Australian Council for Educational Research

Breaking the link between disadvantage and development in early childhood settings in Australia

There is compelling evidence that high-quality early childhood education and care (ECEC) programs can act to narrow achievement gaps attributed to social inequality. The everyday ECEC market, however, does not appear to deliver these significant gains or close these gaps. There is a need to continually improve quality in all ECEC settings to deliver on the potential of early education. It is unclear, however, how quality improvement can be achieved in way that will deliver the best start in life for all.

This presentation looks at what early childhood interaction quality looks like right now in Australian services and internationally. Specifically, what educator practices are related to children’s learning and development? This presentation contributes to the knowledge about quality improvement in two ways. The first is related to how educators can leverage research into pedagogical quality to collect data and improve their own practice. The second relates to the organisation of the ECEC system and how it must be arranged to ensure all children get equal access to high-quality ECEC experiences. Together, these two contributions have the potential to increase the effect ECEC programs have on children’s learning and development outcomes and to deliver on the promise of narrowing achievement gaps and breaking the link.


About Dr Dan Cloney

Dr Dan Cloney is a research fellow in the Centre for Education Policy and Practice at the Australian Council for Educational Research. Dan’s expertise is in early education, cognitive development, academic achievement and inequality.

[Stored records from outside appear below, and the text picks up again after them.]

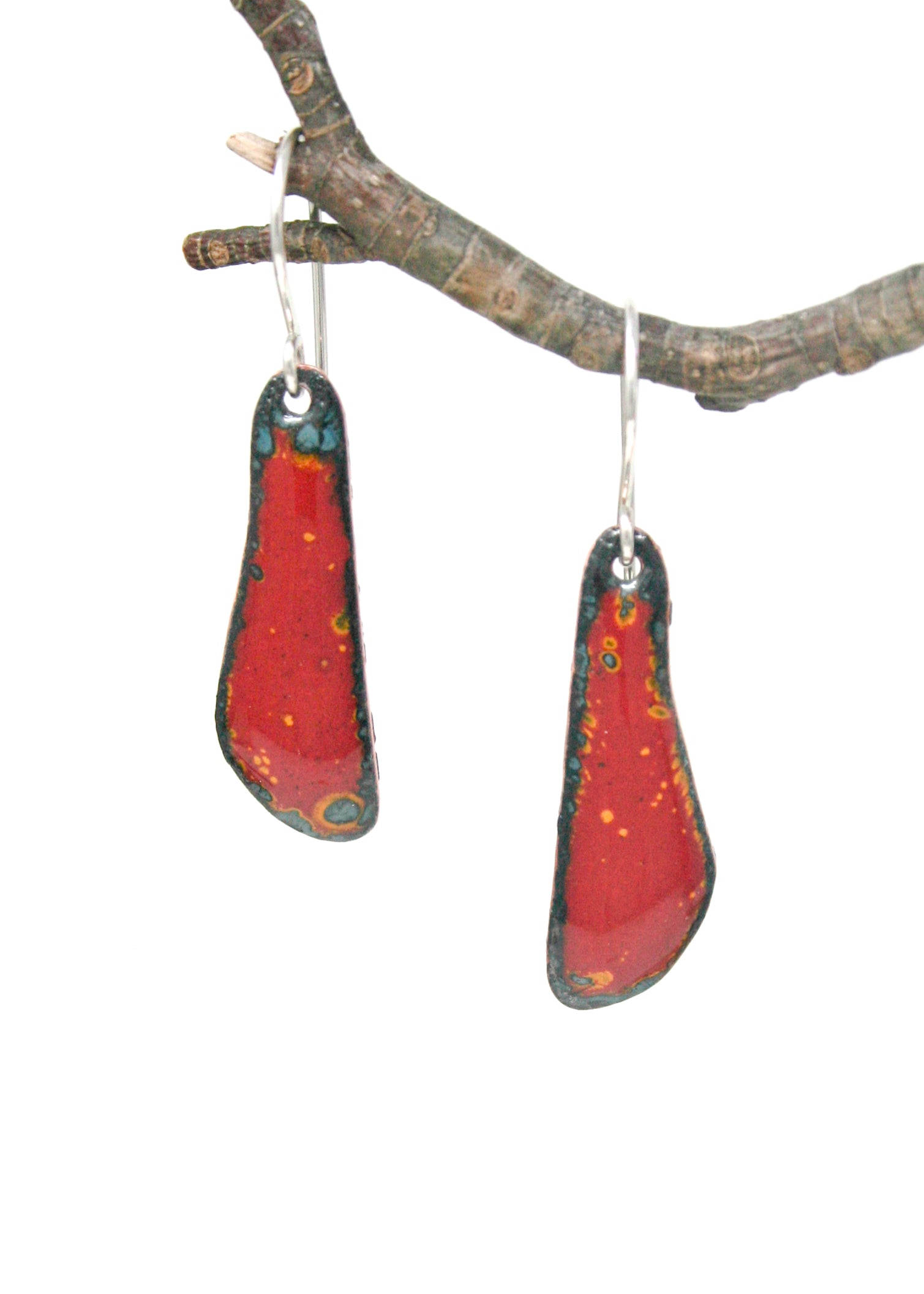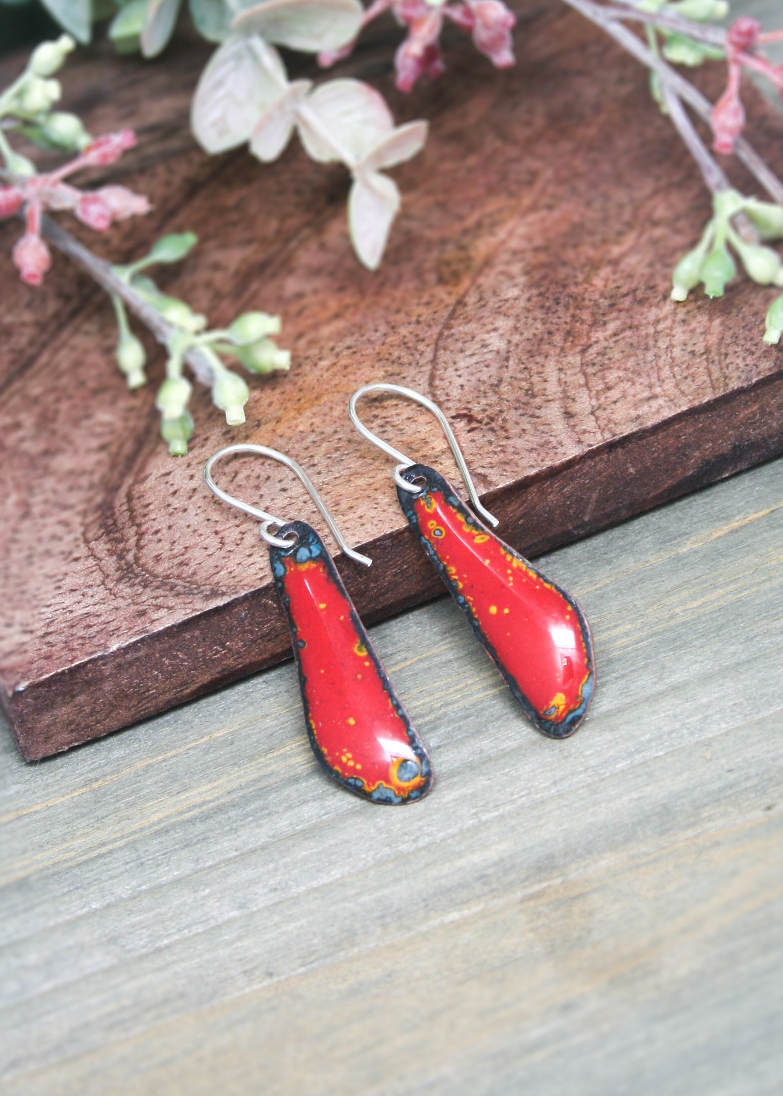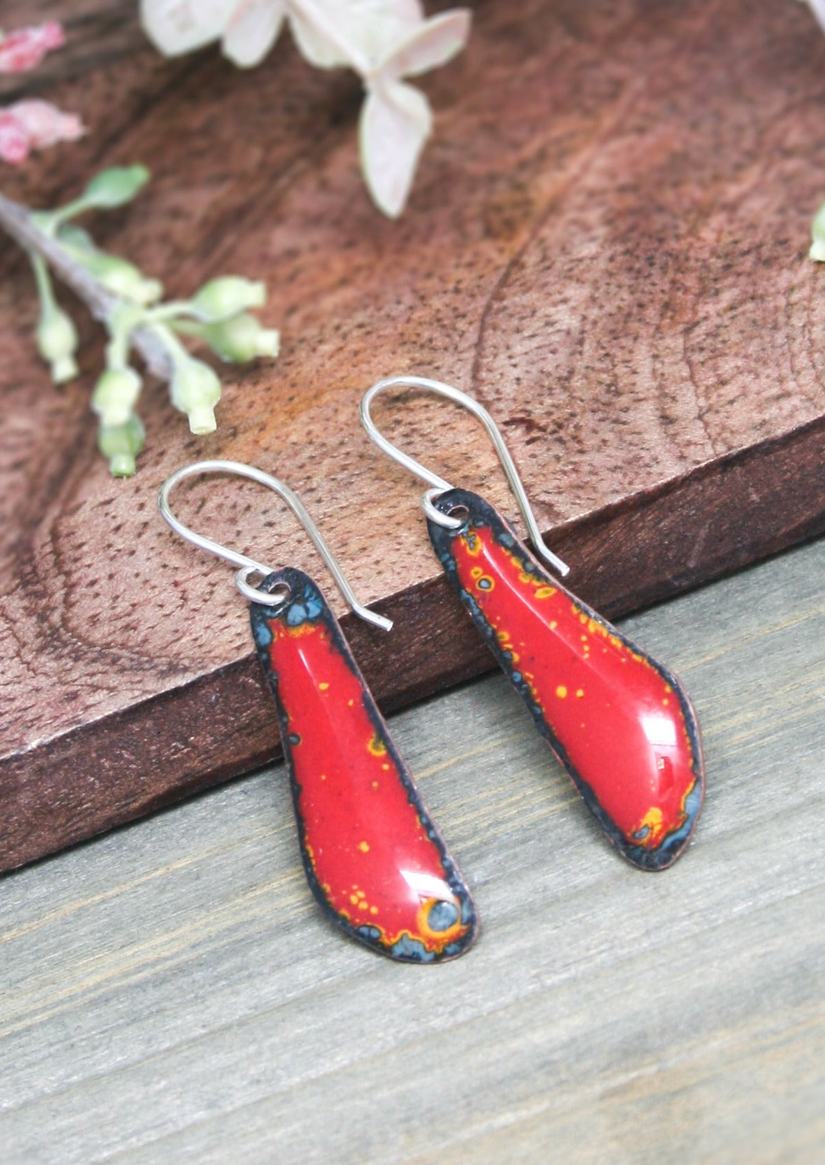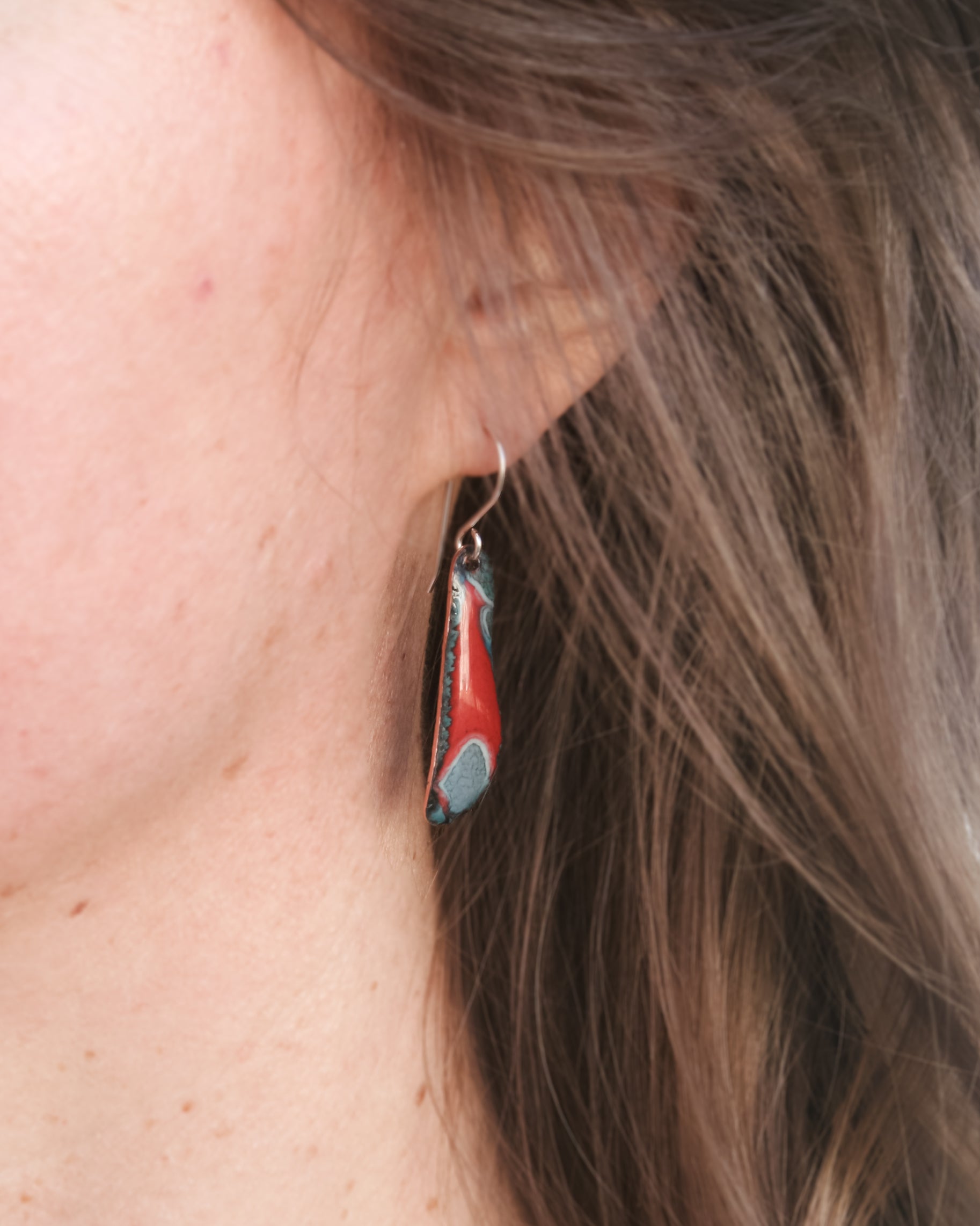 One of a kind earrings with blended enamel on copper, finished with a sterling silver hook.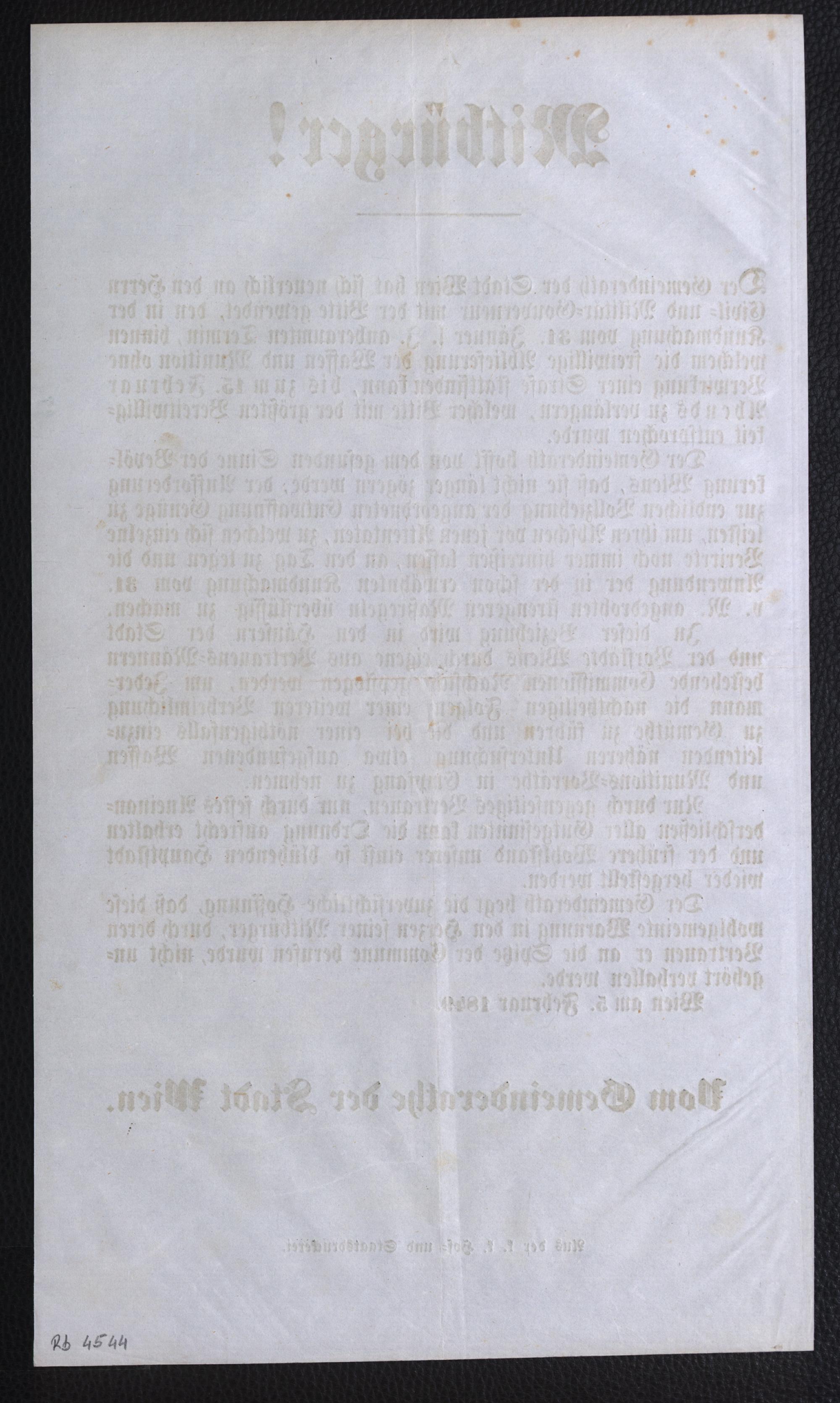 Mitbürger! : Der Gemeinderath der Stadt Wien hat sich neuerlich an den Herrn Civil- und Militär-Gouverneur mit der Bitte gewendet, den in der Kundmachung vom 31. Jänner l. J. anberaumten Termin ...bis zum 15. Februar Abend zu verlängern ... Wien am 5. Februar 1849. / Vom Gemeinderathe der Stadt Wien.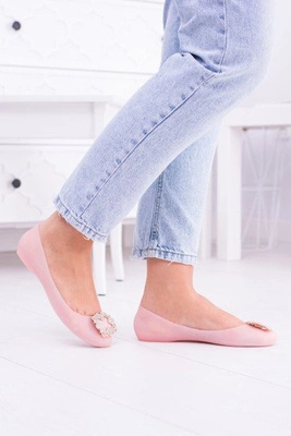 Lu Boo | Różowe Gumowe Balerinki Meliski Cyrkonie Palita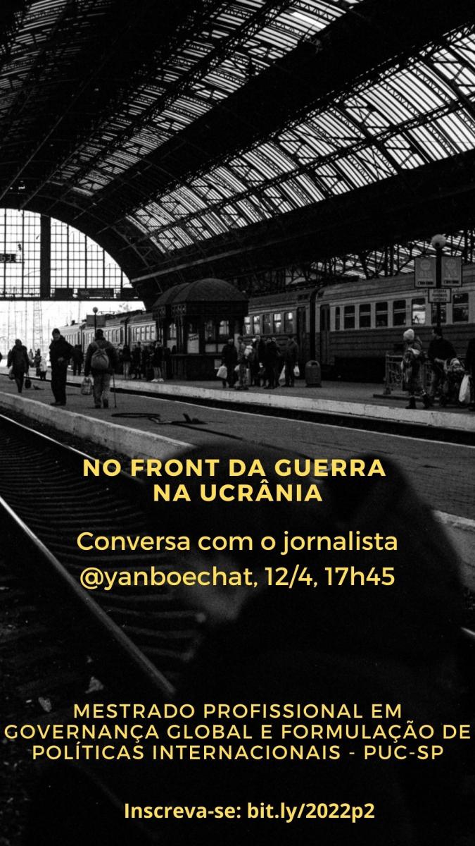 Na próxima terça-feira, dia 12/4, às 17h45, o Mestrado Profissional em Governança Global e Formulações de Políticas Internacionais da PUC-SP promove uma conversa com o aluno e jornalista Yan Boechat, com o tema "No Front da Guerra na Ucrânia". O profissional de imprensa, que é especialista na cobertura de conflitos internacionais, esteve na Ucrânia cobrindo o conflito.
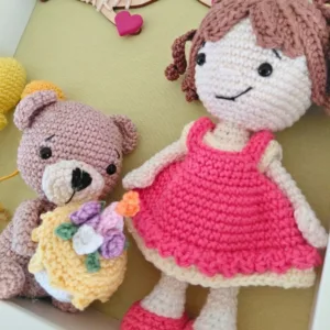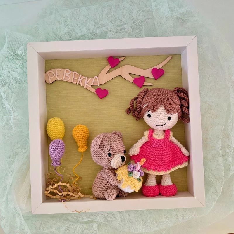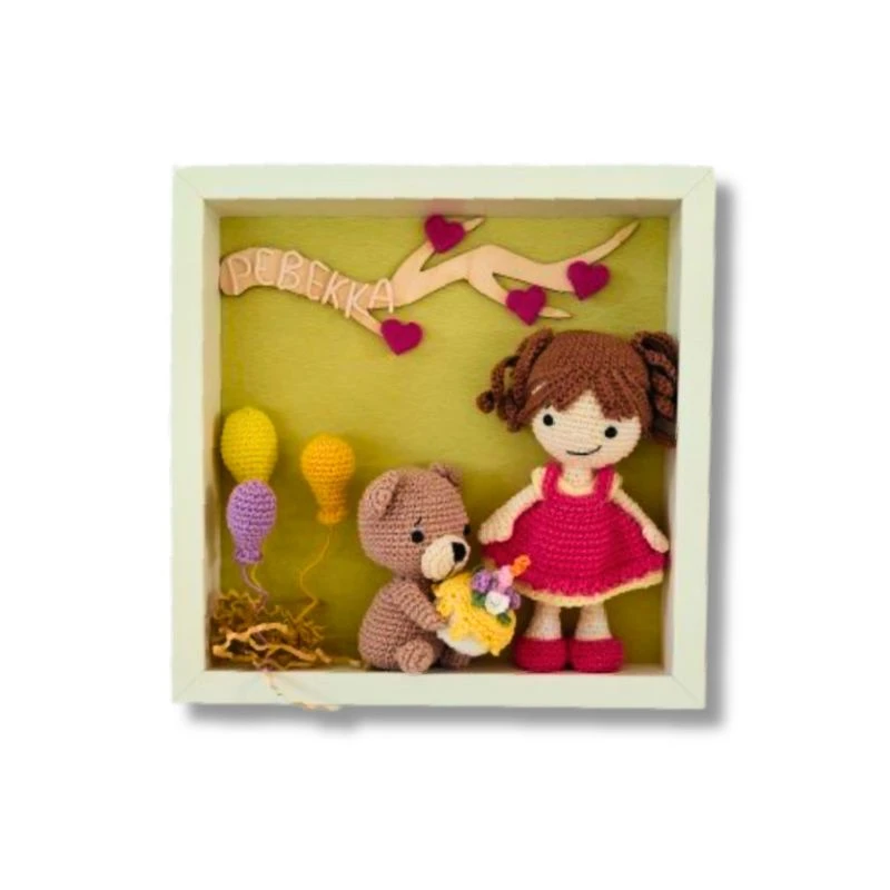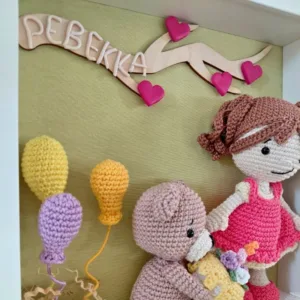 Περιλαμβάνει πλεκτή κούκλα, πλεκτό αρκουδάκι, όπου κρατάει την πλεκτή τούρτα και 3 μπαλόνια πλεκτά. Το όνομα καθώς και οι καρδούλες είναι από πολυμερικό πηλό.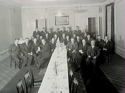 27 herrar vid ett bord. Velocipedhandlareföreningen.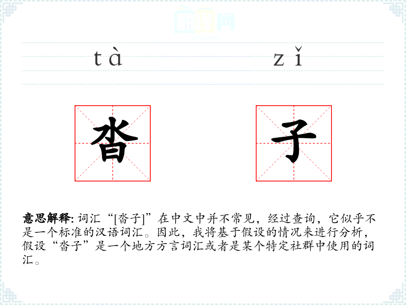 词汇“[沓子]”在中文中并不常见,经过查询,它似乎不是一个标准的汉语词汇。因此,我将基于假设的情况来进行分析,假设“沓子”是一个地方方言词汇或者是某个特定社群中使用的词汇。

Dan’s most recent work includes longitudinal studies in Australia and Indonesia. One of these, the Overcoming Disadvantage in Early Childhood Project, is a partnership with the Australian Literacy & Numeracy Foundation to study the effectiveness of a preschool intervention in New South Wales. Another, the UNICEF Modelling of Universal Pre-Primary Education, is a study of the impact of investment in early childhood programs in the Regency of Bogor, Indonesia. Dan was also a research fellow on the E4Kids study, which is Australia’s largest longitudinal study of the contribution of early childhood programs to children’s learning and development.

Dan’s recent publications focus on the potential for high-quality early childhood programs to reduce SES-related achievement gaps.